12.Remove the sprocket from the chain. Do not turn the sprocket or bearing cups and races will not match.

Reverse the above steps to install the drive chain idler.

Fastening

Nuts

Fig. 4–13 Separating Components

Fig. 4–12 Remove Adjustor (External) B–02649

Fig. 4–13.1 Remove Adjustor (External)

4–5 REMOVAL OF DRIVE CHAIN

1.Lift the loader and put on safe blocks.

2.Remove ROPS (cab).

3.Lift loader lift arms and install cylinder stops.

4.Steam clean the loader thoroughly.

5.Remove the front transmission cover.

6.Remove pedal assembly and floor plate.

7.Loosen the chain idler bracket (Fig. 4–9).

8.Remove from sprocket lock bolt and nut.

9.Put reduction housing gears in neutral. (Lever on outside of transmission housing (Fig. 4–14).

10.Rotate drive chain until master connector link (white) is in location for removal with chain breaking tool. (If no white link is found, break at any link).

11.Remove connector link and separate the chain.

12.Remove from sprocket, from the axle (Fig. 4–15).

13.Connect a long wire to the chain to aid when installing chain (Fig. 4–16). (If chain replacement only.)

14.Gather up chain while pulling it out of transmission. Disconnect wire from chain and leave wire in loader.

4–6 INSTALLING DRIVE CHAIN

1.Fasten wire to chain. Pull wire around sprockets in same position chain is to be installed (Fig. 4–17).

2.Rotate rear wheel while pulling chain over sprockets.

3.Install front sprocket, nut and lock bolt (Fig. 4–15).

4.Pull chain around sprocket and install new connector link with press–on plate.

5.Use wrench to tighten chain idler bracket (Fig. 4–9). Tighten until there is 0.250 inch maximum wheel movement.

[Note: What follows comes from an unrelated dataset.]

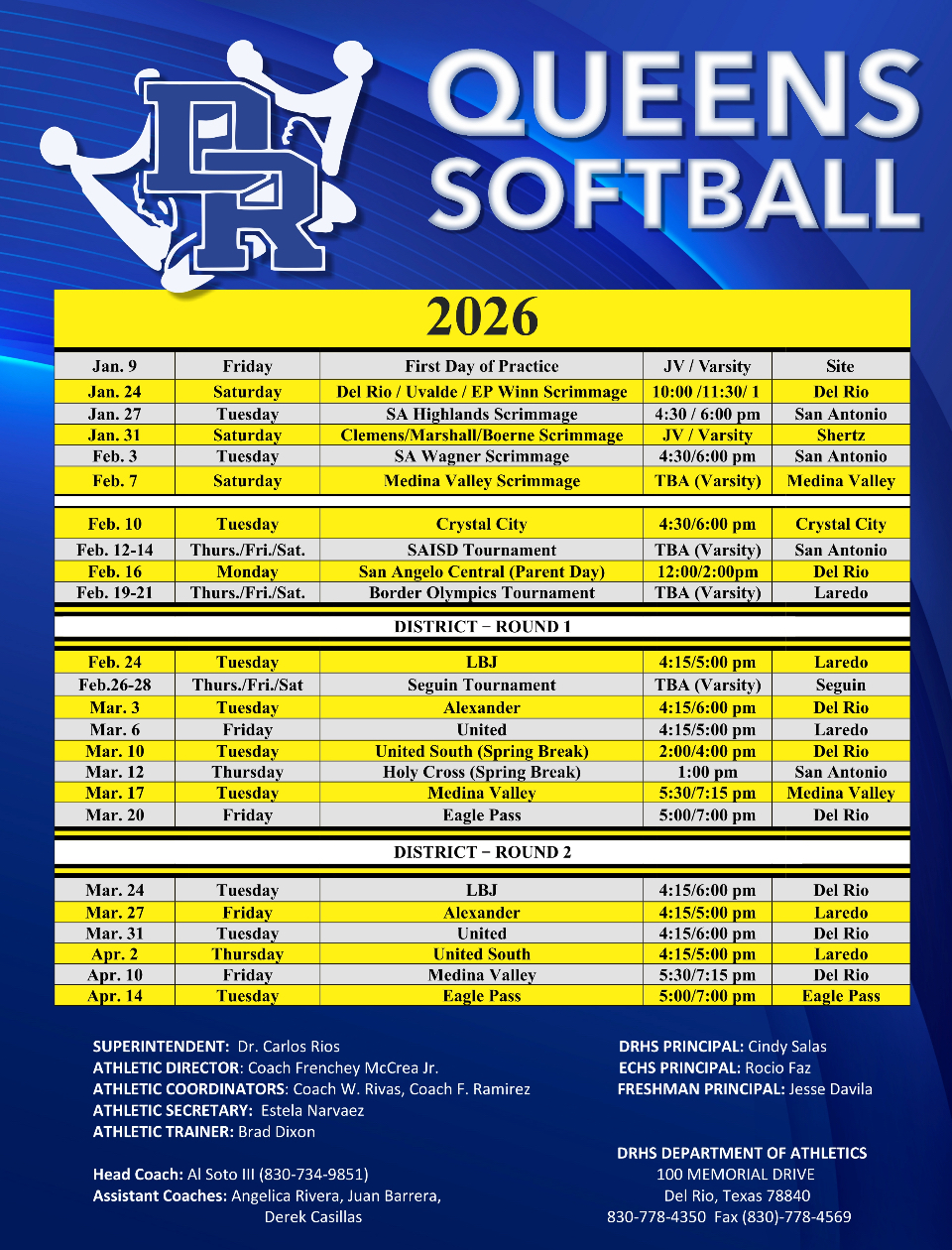 Del Rio Athletics will always strive to achieve the highest level of excellence in our student athletes on and off the playing field, court, track, and course. Our student athletes will be held to the highest academic standards and strictest code of conduct on and off the field(s) of play.

Rotate wheel several revolutions to prevent over tightening as a result of high spots on sprockets.

6.When chain tension is correct, tighten the fastening nuts on tighter.

7.Install chain guide (Fig. 4–18).

4–7 REMOVAL OF AXLE

4–7.1 Removal Of Rear Axle

1.Steam clean the loader thoroughly.

2.Remove the ROPS enclosure (See Section 5–2).

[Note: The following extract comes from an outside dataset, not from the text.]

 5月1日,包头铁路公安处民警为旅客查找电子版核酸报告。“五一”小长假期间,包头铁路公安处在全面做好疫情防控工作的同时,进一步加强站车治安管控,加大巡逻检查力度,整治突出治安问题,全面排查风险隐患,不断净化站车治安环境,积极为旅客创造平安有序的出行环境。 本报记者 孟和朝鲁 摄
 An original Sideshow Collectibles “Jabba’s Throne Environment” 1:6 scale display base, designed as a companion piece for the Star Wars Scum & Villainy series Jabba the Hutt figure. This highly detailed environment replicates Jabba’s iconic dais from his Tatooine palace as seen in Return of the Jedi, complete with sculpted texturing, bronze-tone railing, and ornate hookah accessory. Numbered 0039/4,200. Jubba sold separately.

3.Lift the lift arms and install cylinder stops (Fig. 4–2).

4.Remove drain plug and let out the hydraulic fluid. (If fluid is to be used again, store it in a clean, covered reservoir.)

5.Remove the pedal linkage and pedal assembly.

6.Remove the front floor plate.

7.Remove the transmission housing cover.

8.Remove transmission pump assembly and rear hydrostatic motor (See Section 3).

NOTE:Put plugs in all openings.

9.Remove lock bolt on axle and remove axle nut (Fig. 4–19).

10.Remove wheel from housing.

11.Put reduction housing gear in neutral (Fig. 4–14). (Remove nut and pull out on lever.)

12.Rotate drive chain until master connector link is in position for removal.

13.Loosen idler sprocket until chain is loose (Fig. 4–9).

14.Use chain breaker tool to remove master link.

15.Tie a wire to one end of chain then pull on other end of chain while turning axle.

16.When chain is out, disconnect wire and leave wire in loader to aid in installation.

17.Remove the sprocket from axle (Fig. 4–15).

18.Remove bolts which hold axle housing to frame.

19.Remove axle assembly (Fig.4–20).

4–7.2 Removal Of Front Axle

Use the same steps as rear axle except omit Step 7, 8, 12, 14, 15 & 16.